Clawbacks, Pay for Performance Rules Remain on SEC's Long-Term Rulemaking Agenda
December 16, 2017
The Securities and Exchange Commission's semi-annual regulatory agenda did not include any of the outstanding Dodd-Frank compensation rulemakings for the second consecutive report since President Trump won the White House, including the clawback rule, which had received significant attention in the wake of the Equifax scandal. The Unified Agenda of Regulatory and Deregulatory Actions discloses a non-binding set of regulatory objectives for each agency over the next 6 to 12 months and is updated on a semi-annual basis. The narrower SEC agenda reflects the philosophy of current Chair Jay Clayton that the agenda should only reflect measures that the agency will act on in the next 12 months. In a recent speech, he stated that "over the past 10 years, the Commission has completed, on average, only a third of the rules listed on the near-term agenda." In response, he indicated that the agendas going forward would be shorter, "rooted in a commitment to increased transparency and accountability" and it was his intent to complete the items on the agenda. Following through with this message, Mr. Clayton reduced near-term regulatory actions by nearly 60 percent to just 26 items in the list released this week. Notably, as with the list released earlier this year, all the pending Dodd-Frank executive compensation rulemakings are on the agency’s long-term agenda, indicating no action will happen on them in the next 12 months. Clawbacks have received greater attention in the wake of the recent Equifax data breach scandal.

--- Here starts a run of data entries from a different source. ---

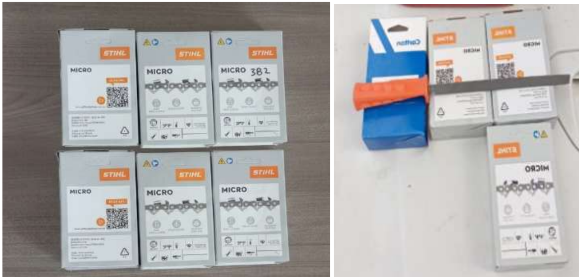
Cadenas de aserrado para motosierra (170 – 230 – 382).
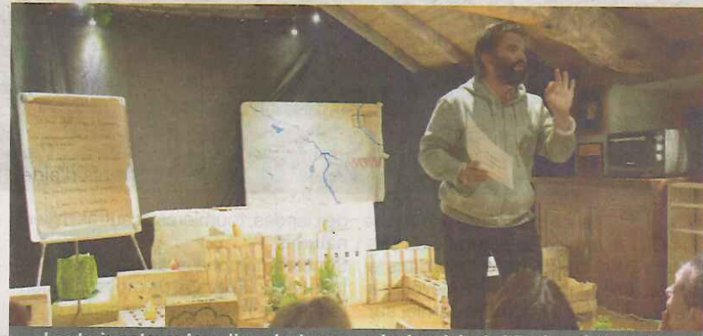
Les trois acteurs lors d'une lecture au sein du relais de l'Espinass à Ventalon

rêve général" : « Ce ne sera pas un spectacle classique mais un moment d'échange avec du son, des instruments de musique et ce sont eux qui animeront les marionnettes. On l'organisera durant des journées de la parentalité au cours desquelles on leur posera des questions par exemple sur leur école idéale » explique Laurélie.
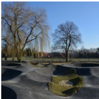
Pumptrack w Palczowicach oddany do użytku.
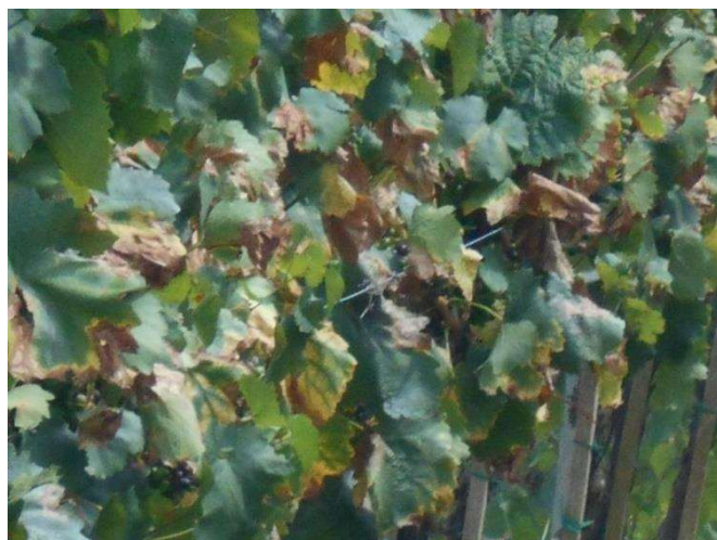
Gyakori a súlyos napégés
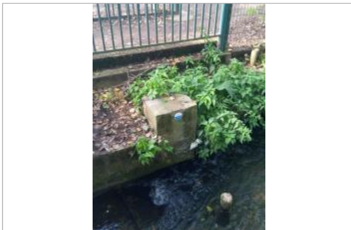
ancien ouvrage de gestion
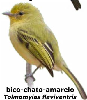
bico-chato-amarelo Tolmomyias flaviventris
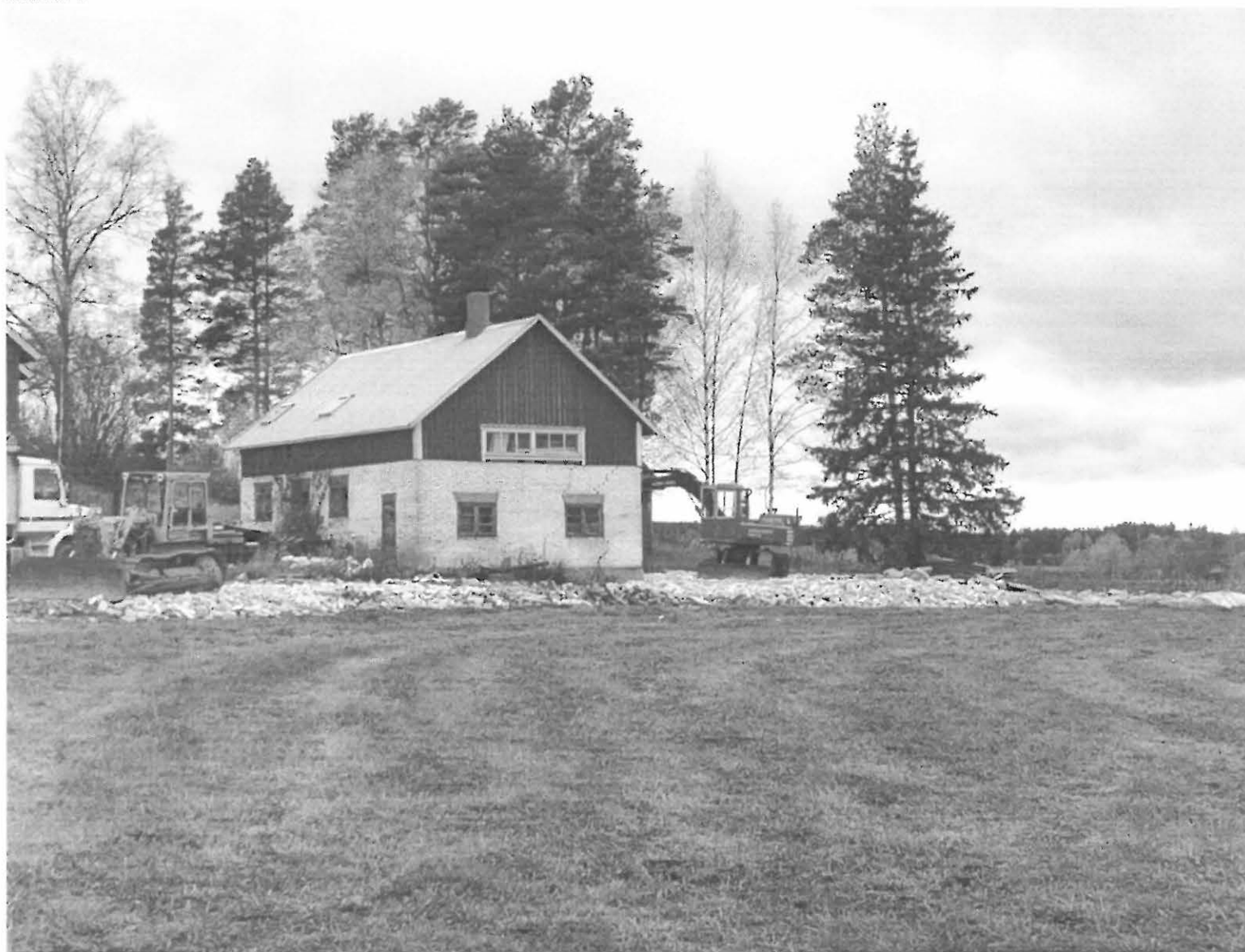
Pertteli Ojanperä W. Täyttömaata asuinpaikan reunassa. Kuvattu kohti suuntaa NW.
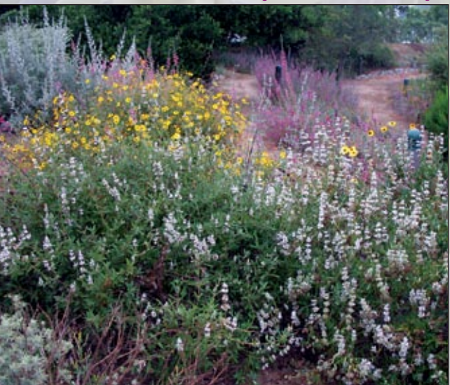
Un hermoso borde mixto con salvias nativas, Encella y Clarkia en el Golden West College Native Garden.

Utilice en su jardín plantas que requieren poca agua. Una vez establecidas, muchas plantas nativas de California consumen muy poca agua de riego. Ahorrando agua se ahorra dinero y a la vez se conserva un recurso vital limitado.
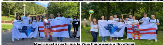
Medicinistii participă la Ziua Europeană a Sportului
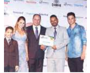
Lava jato: Lava jato Cabanas
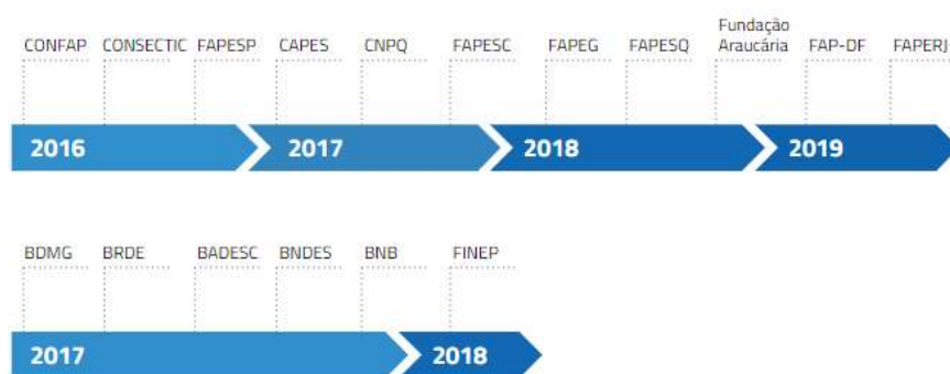
Figura 4 – Cronologia dos acordos com FAPs e bancos regionais

Para o próximo ciclo contratual, a EMBRAPII planeja aprimorar e ampliar as parcerias existentes, incluindo as FAPs dos estados que possuem Unidades EMBRAPII. Outros modelos de parcerias com os estados serão propostos visando reforçar o potencial de pesquisa aplicada de ICTs estaduais que, acolhidas na rede de Unidades EMBRAPII, possibilitem ampliar o conjunto de ecossistemas de inovação no nível estadual.
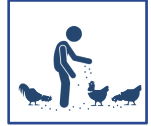
Pašarai, pašarų priedai
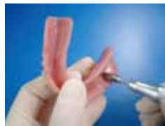
写真1 床粘膜面の削除
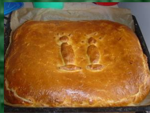
Рис едят отварным, из него варят каши и делают запеканки, рис добавляют в супы, салаты, используют как начинку для пирогов, готовят из риса плов с овощами и бараниной.
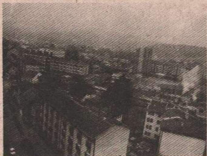
Панорама Новог Града
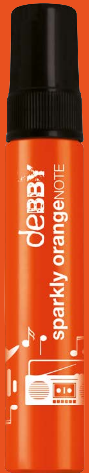
sparkly orange NOTE

During a September Senate Banking Committee hearing, Chair Clayton was quizzed by multiple Senators, including Ranking Member Sherrod Brown (D-OH), on whether the SEC would complete the rule. Thus, it would not be surprising to see action on clawbacks at some point. Meanwhile, Chair Clayton recently floated the idea of opening the proxy plumbing release which discussed the entirety of the proxy voting system, including significant coverage of proxy advisory firms. A lighter SEC agenda would perhaps give the agency bandwidth to move on to this important topic.